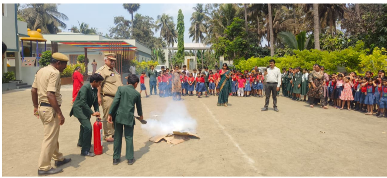
కొవ్వూరు నీలగిరి వార్త ప్రతినిధి
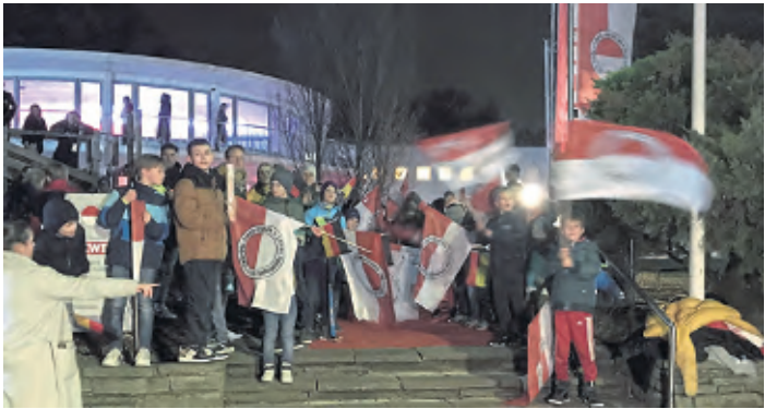
Die Fans standen vor der Ankunft bei Rot-Weiss Spalier.
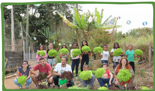
Colheita realizada com as crianças e equipe do Conviver ^

O Projeto Conviver, que teve início em 2012, integra o Programa Educação e Agroecologia da ONG Centro de Tecnologia Alternativas da Zona da Mata (CTA-ZM), com sede localizada em Viçosa (MG), e desenvolve atividades junto com crianças e adolescentes, na faixa etária de 8 a 15 anos, e com mulheres, de 45 a 80 anos.
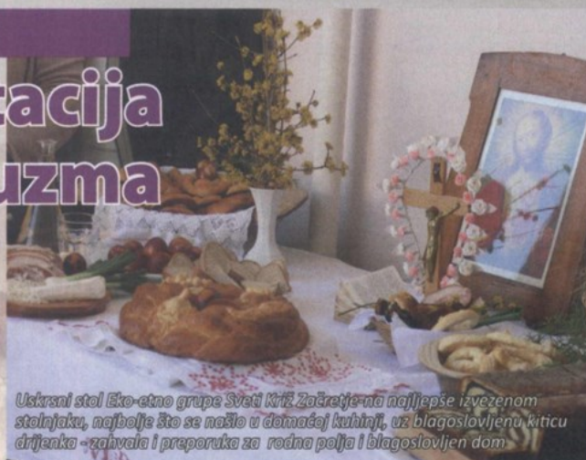
Uskrсни stol Eko-etno grupe Sveti Križ Začretje na najljepše izvezenom stolnjaku, najbolje što se našlo u domaćoj kuhinji, uz blagoslovljenu kiticu drijenka - zahvala i preporuka za rodno polje i blagoslovljen dom

U organizaciji Udruge Lipin cviet 21. ožujka u Muzeju seljačkih buna u Gornjoj Stubici, održana druga korizmeno-uskrсна manifestacija Čez korizmu do Vuzma, kojom se posjetiteljima želi pokazati kakvi su nekada bili običaji za vrijeme korizme i Uskrsa.
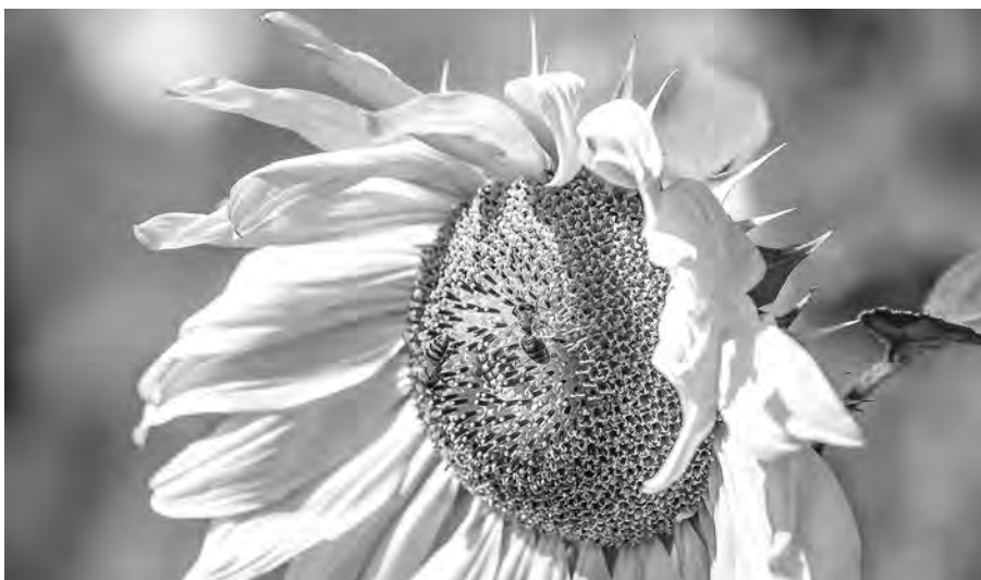
В сохранении популяции насекомых-опылителей должны быть заинтересованы и сами аграрии, ведь при снижении популяции пчёл они попросту недополучат урожай.

Жалобы на мор медоносных насекомых стали поступать из разных районов области ещё в июне. В июле Управление Россельхознадзора по Новосибирской области получило почти два десятка сообщений. Среди районов, где отмечена массовая гибель пчёл, — Новосибирский, Ордынский, Искитимский, Доволенский, Колыванский, Коченёвский и Куйбышевский. 27 июля ведомство разместило информацию о том, что специалисты определяют организацию, осуществляющую деятельность по обработке полей вблизи пасек, а также отбирают образцы погибших пчёл и зелёной массы растений для исследований на определение остаточного количества препаратов, которые проводятся в Новосибирской испытательной лаборатории ФГБУ «ЦНМВЛ». Предварительные проверки начаты в отношении АО «Зерно Сибири» и ООО «Агроферма «Иньские просторы», им направлены запросы о порядке и перечне используемых пестицидов и агрохимикатов. По требованию про-
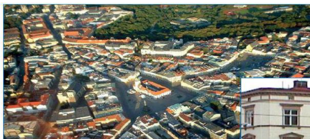
Původní sídlo společnosti v centru Olomouce
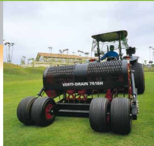
VD 7516 s přídavnými koly.
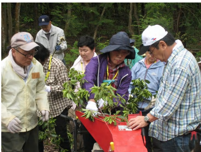
小枝を細かく砕くチップ作業

「チップターの経験は初めてです。日頃したことのない体験ができてよかった」（感想メモより）
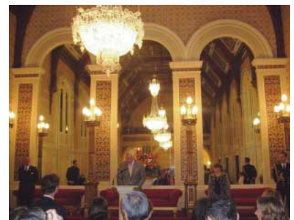
タスマニア州迎賓館での知事の挨拶
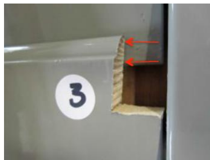
Abbildung 3: Musterstelle im Detail
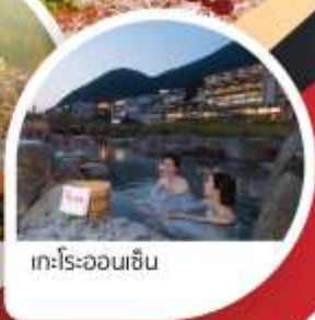
ทะเลร้อนเซ็น

Wifi on bus บริการน้ำดื่ม 10 คน ออกเดินทาง
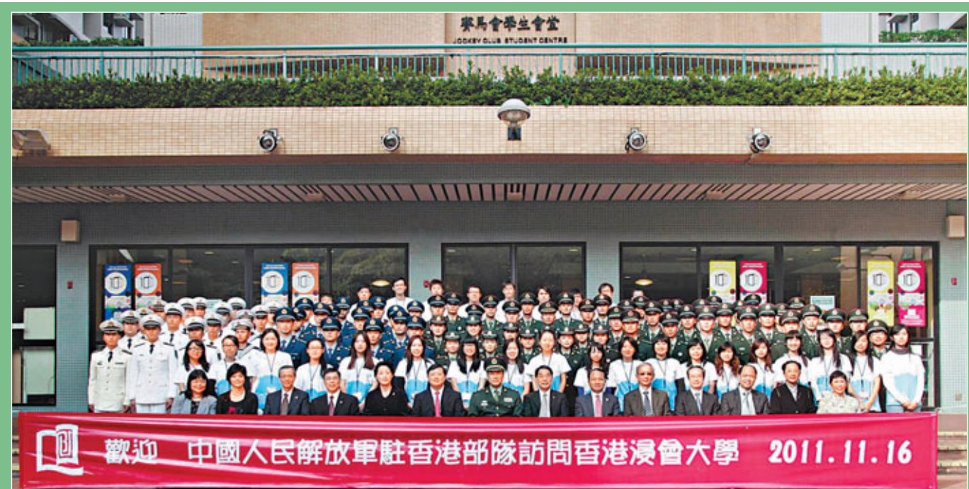
80名解放軍駐港部隊成員與到場迎接的浸大師生代表合照。
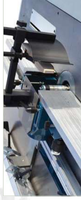
Tupi Spindle moulder
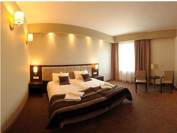
III) Hotel in Marienburg,
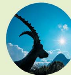
Zlatorog – 'Goudhoorn' aan het Jasnameer.

Wie zin heeft in een beetje avontuur, gaat bij de volgende bocht, de 49e, naar rechts en volgt de 1,3 km lange zijweg naar een hut (Koča pri izviri Soče). Hier moet de auto worden geparkeerd. Over een steil, gemarkeerd bospad klim je naar een plateau en dan gaat het verder langs een met staalkabels beveiligde rots. Na vijftien minuten sta je plotseling voor de Sočabron 6 (Izvir Soče): krachtig komt de beek uit een smalle rotsspleet tevoorschijn om zich vervolgens als een waterval met oorverdovend geraas in een met kristalhelder water gevuld bekken te storten!
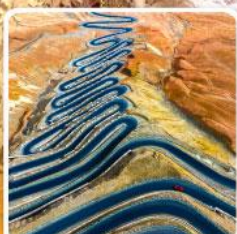
ถนนผานหลงกู่ต้าว
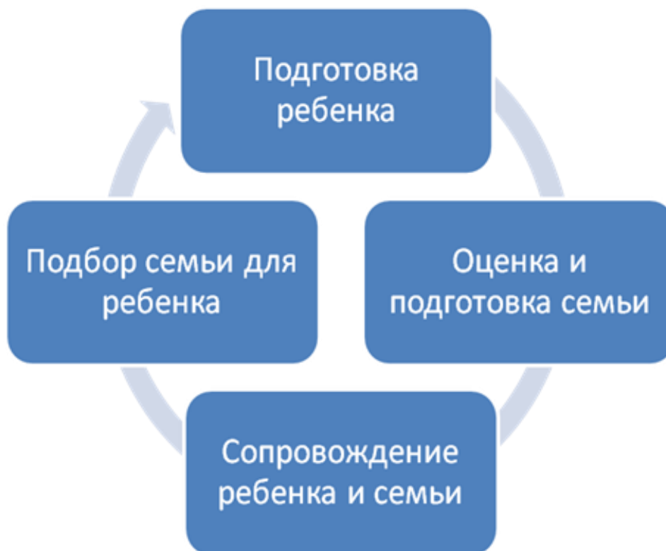
Рисунок 2 - Составляющие модели устройства детей в семью.

Если в данной организации будет проводиться весь комплекс вышеперечисленных работ, то можно считать, что цель будет достигнута. (Рис.2).
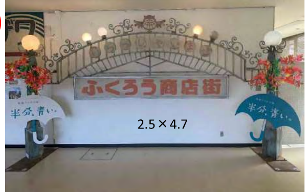
2.5 × 4.7
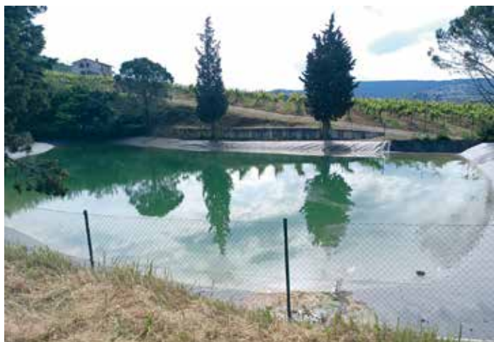
Vodni zbiralnik za namakanje

Za rabo deževnice oziroma kapnice ne potrebujemo vodnega dovoljenja.
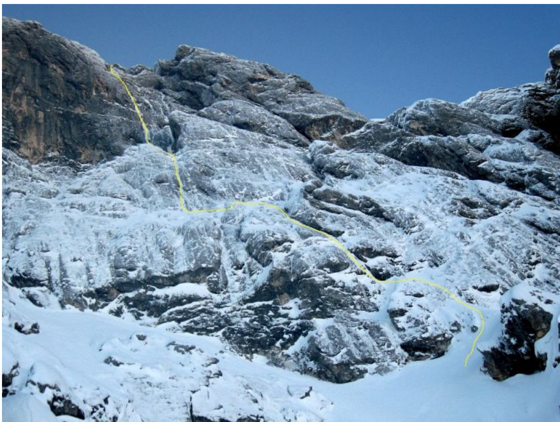
zgornji del smeri
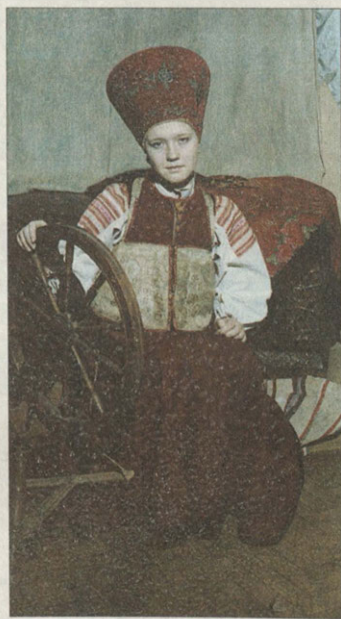
Кокосник-шапочку надевали во многих русских селениях в девятнадцатом веке

хи и порты — ткань в полосу. Под сарафаном носили рубаху — «рукава». Из головных уборов широко бытовали в XVIII веке кокошники владими́ро-яросла́вского типа, богато декорированные, из бархата. В коллекции музея — восемь таких кокошников. Также встречались кокошники-шапочки, которые стали преобладать в XIX веке. В коллекции музея два таких кокошника. Позднее кокошники были вытеснены праздничными платками. Мужское население носило рубахи и пестрядинные порты. Из верхней одежды распространены были стеганые поддевки, кафтаны, зипуны, армяки, чапаны, щубняки, шубы, тулупы.
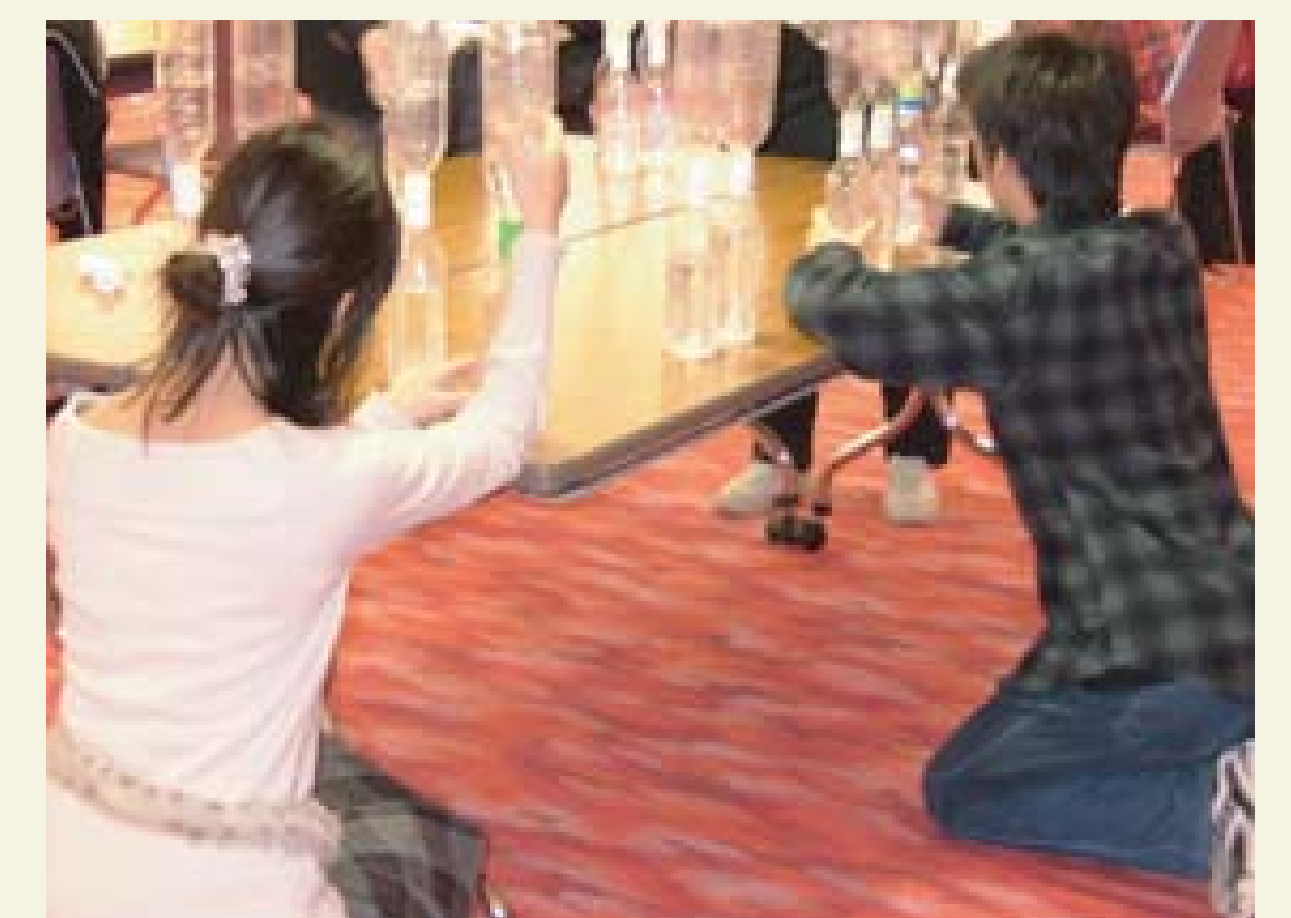
ペットボトルを使って調べる振動現象
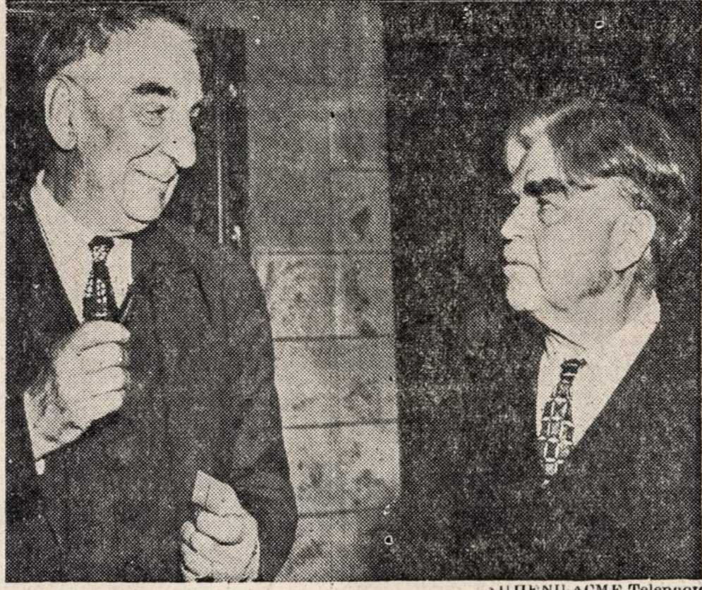
Federalis taikymo direktorius Cyrus Ching (po kairei) tariasi su John L. Lewis, angliakasių unijos prezidentu. Ching bando sutaukyti angliakasius su kasyklų savininkais ir tuo būdu likviduoti prasidėjusį streiką.
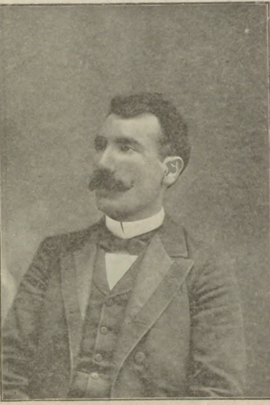
(Կարապետ Մարգարէի կէսնկան) ՆՈՐԱՊՈՎԻ ԱՐժ. ՏԵՐ ՂԵՎՈՆԴ ԱՐԵՂԱՅ ՕՐՄԱՆ ՀԱՆԴԷՍ ՈՒՍՏՐԻ Ս. ՓՐԿԻՉ ԵԿԵՂԵՑԻՈՅ ՄԷՋ (Մեր Յատուկ Թղթակցէն)

Նախորդ թուի երկրորդ երես, երկրորդ սիւնակ 34րդ տող՝ Օրուան կեանքը յօդուածի մէջ «գրգռիչ» բառը պիտի ըլլայ «գրաւիչ»:
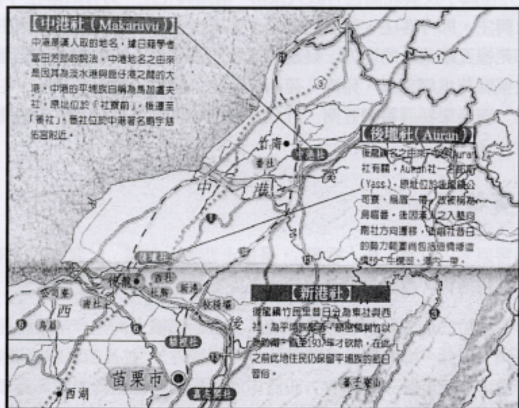
圖 1 新港社、後壘社、中港社分布圖

新港社(位今苗栗縣後龍鎮)、後壘社及中港社(位今苗栗縣竹南鎮)皆屬於道卡斯族，在清代方誌中與貓裡社、嘉志閣社(皆位於今苗栗市)兩社合稱為「後壘五社 1 」。
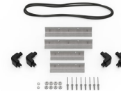
iM20XX-M4-BEZEL Lunette de base (métrique)
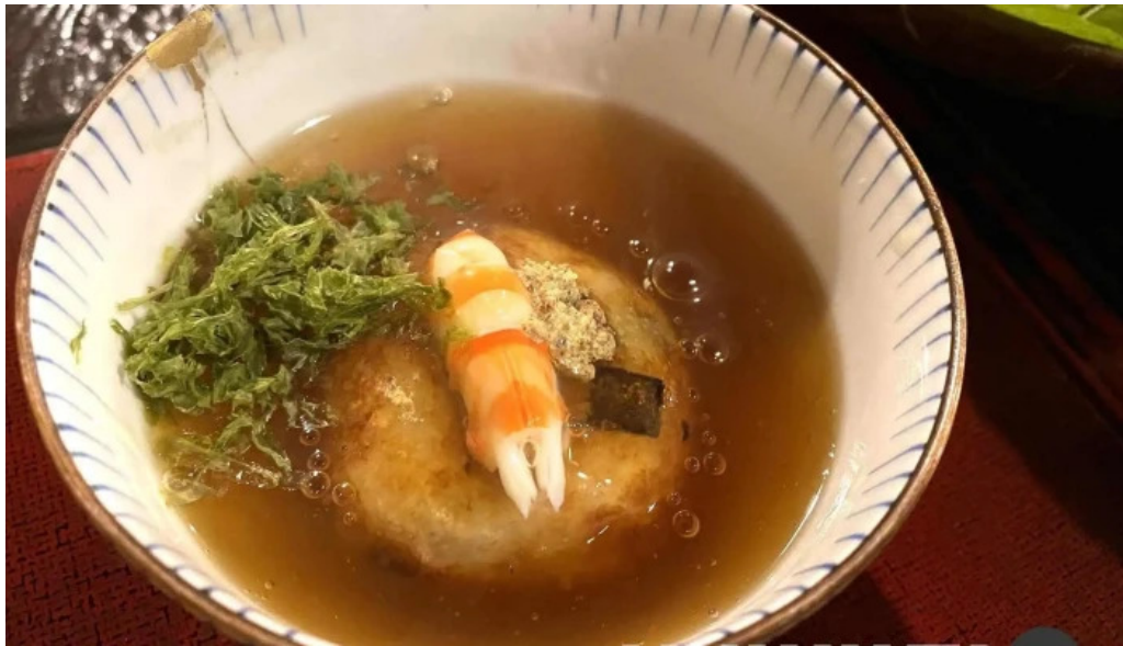
旬味 泰平 スープ

定食 一三〇〇 姓定食 一七〇〇 定食 一五〇〇 根万頭。胡麻。豆腐。菜。油。豚 鉢。二〇〇。御飯。味噌汁。香の物 定食 一三〇〇 各定食。良。下。日。付。身。付。き。ま。す 川。定。食。 一三〇〇 各定食。良。下。付。身。一。品。料。理。付。き 一。品。付。き。ま。す。お。ん。げ。ん。セ。ッ。ト。二。品 鉢。二。品。御。飯。味。噌。汁。香。の。物。付。き 定食 一三〇〇 惣。菜。を。お。り。合。せ。御。飯。味 八。八。〇 定食 一三〇〇 六。八。〇 孝。の。彩。二。段。重。で。お 六。八。〇 三。八。〇 旬味 泰平 × ニュー
########
Problem description: Treat the line with "Zlatorog – 'Goudhoorn' aan het Jasnameer." as the start and the line with "Кокосник-шапочку надевали во" as the end, and return exactly that span of the data above, both ends included, without pictures.

Task response:
Zlatorog – 'Goudhoorn' aan het Jasnameer.

Wie zin heeft in een beetje avontuur, gaat bij de volgende bocht, de 49e, naar rechts en volgt de 1,3 km lange zijweg naar een hut (Koča pri izviri Soče). Hier moet de auto worden geparkeerd. Over een steil, gemarkeerd bospad klim je naar een plateau en dan gaat het verder langs een met staalkabels beveiligde rots. Na vijftien minuten sta je plotseling voor de Sočabron 6 (Izvir Soče): krachtig komt de beek uit een smalle rotsspleet tevoorschijn om zich vervolgens als een waterval met oorverdovend geraas in een met kristalhelder water gevuld bekken te storten!
ถนนผานหลงกู่ต้าว
Рисунок 2 - Составляющие модели устройства детей в семью.

Если в данной организации будет проводиться весь комплекс вышеперечисленных работ, то можно считать, что цель будет достигнута. (Рис.2).
2.5 × 4.7
Vodni zbiralnik za namakanje

Za rabo deževnice oziroma kapnice ne potrebujemo vodnega dovoljenja.
zgornji del smeri
Кокосник-шапочку надевали во многих русских селениях в девятнадцатом веке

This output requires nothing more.